I can and did say it. I’m in my late 40s so yeah I remember those ads (just). BT wasted a lot of time and resources. I knew a few people who worked for them, and would often call a senior engineer (I’d never met him) and quiz him about the finer technicalities of the phone network. They’re a dopey company who waste money and rip people off. Back before the internet and before LLU was a thing, they were a monopoly and a fat, lazy one.
I was somewhat jesting, but the Buzby cartoon characters, were fun.
The politics, of very big companies/organisations such as BT, can get quite tricky. Opinions, as to the best solutions, can vary a lot, e.g. along political lines, such as Nationalise vs Privatise vs Split into smaller companies/organisations vs other solutions.

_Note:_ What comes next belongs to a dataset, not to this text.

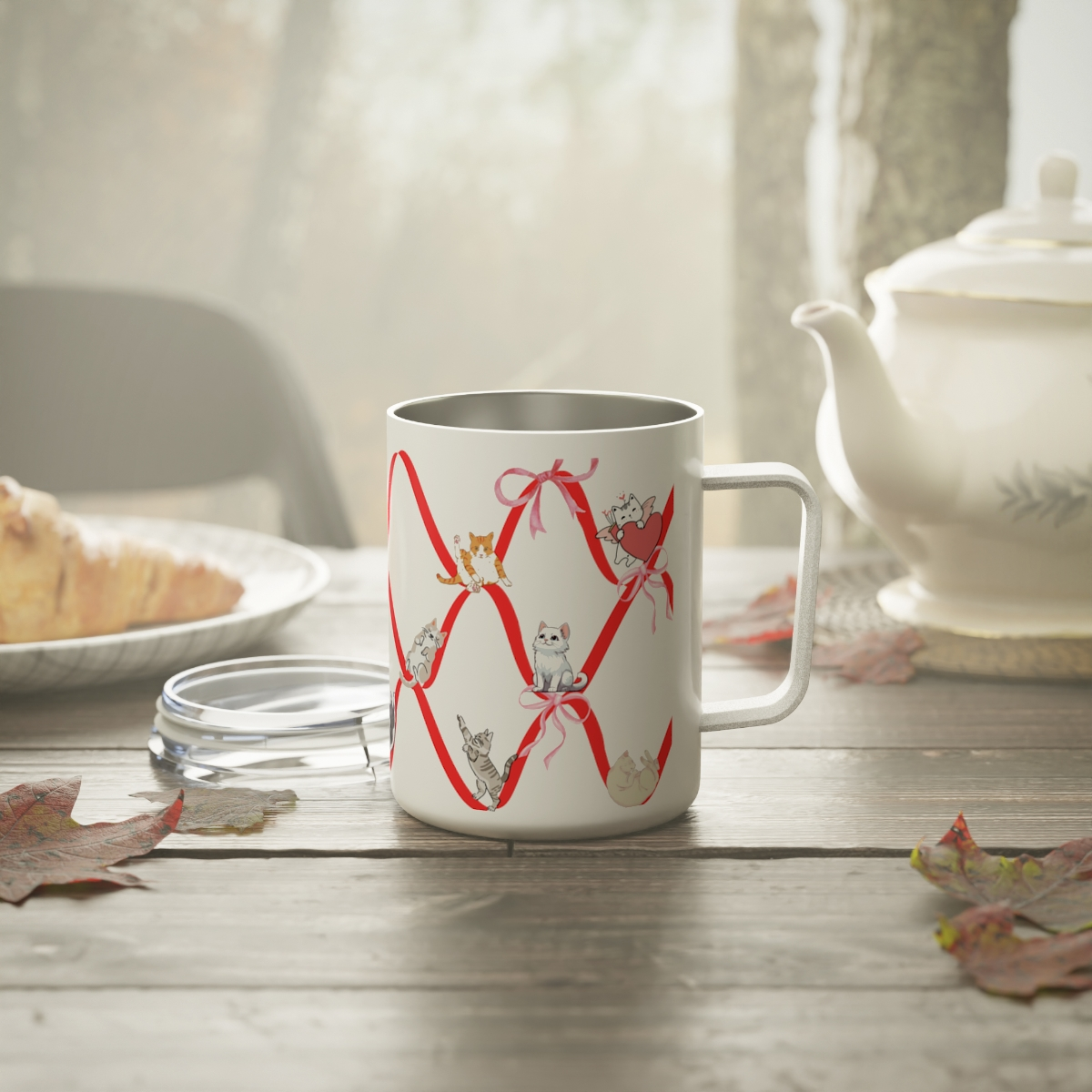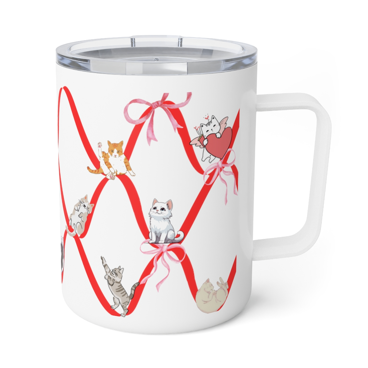 'Feline In Love' Cat Themed Valentine's Cups - Insulated Coffee Mug, 10oz

According to public opinions (user reports), when I looked, a number of years ago. BT doesn't do too well, in the customer satisfaction department, for their broadband services.
Even if a person goes back in a time-machine, and at the time and date they go back, they are given full authority, to decide how BT and the UKs phone/internet infrastructure, is to be done. The best course of action(s), are not necessarily obvious. Some people may think (opinions), that they could do a marvelous job of restructuring the situation.

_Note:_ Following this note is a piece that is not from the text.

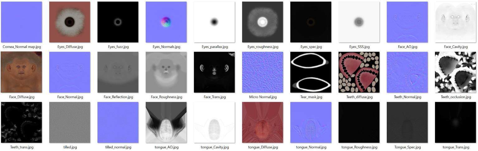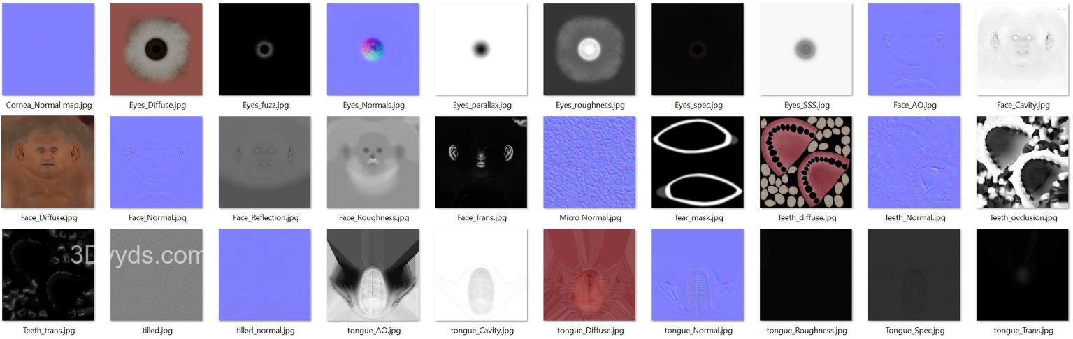 - 1 个包含头部、睫毛、眉毛、眼球、牙齿和舌头的 7 个细分级别的 Zbrush 工具(需要最新版本的 Zbrush)

But I suspect, in practice. It is a massive minefield of a task, to handle such a complicated task. Various technologies available at different price points, depending on the year. Huge amounts of per-existing infrastructure. A massive customer base, who will potentially complain, if at any time during the upgrade processes, things don't go to plan.
Then there also is money availability, and what actions or not, the various competitors do or don't do.

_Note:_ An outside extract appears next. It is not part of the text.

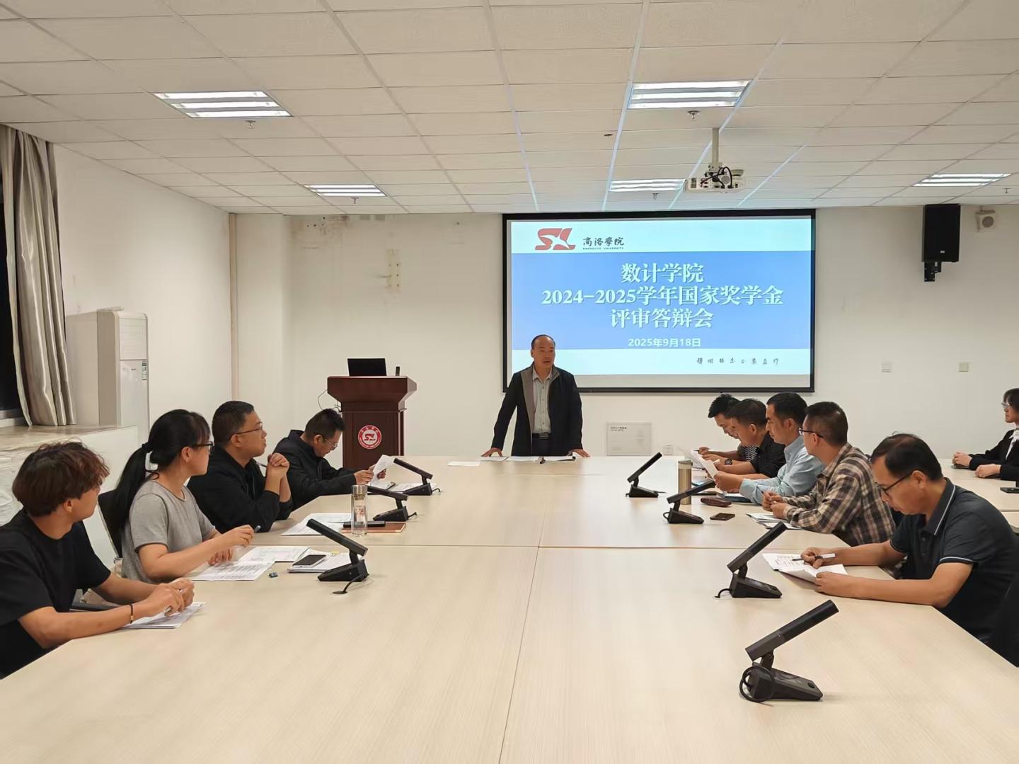 2025年9月18日19:00,数计学院在8-616会议室举行国家奖学金答辩评审会。本次评审会由学院党政领导班子成员、各系主任、教师代表、辅导员代表及学生代表共同组成评委团,对7名经年级专业推荐的优秀候选人进行公开评审。

On top of that, BT have to cope with various changes of Government / Prime ministers, who may change the rules, regulations, laws, money allocations, and even the requirements, at the drop of a hat.
I bet in practice, it is a very difficult job, running BT, and if you don't get it quite right, the man at the top, could get replaced (sacked) by the board of directors (or government, if nationalised), or shareholders.
It is just so easy to sit on a couch, and criticise various big entities, without really understanding all the intricacies going on.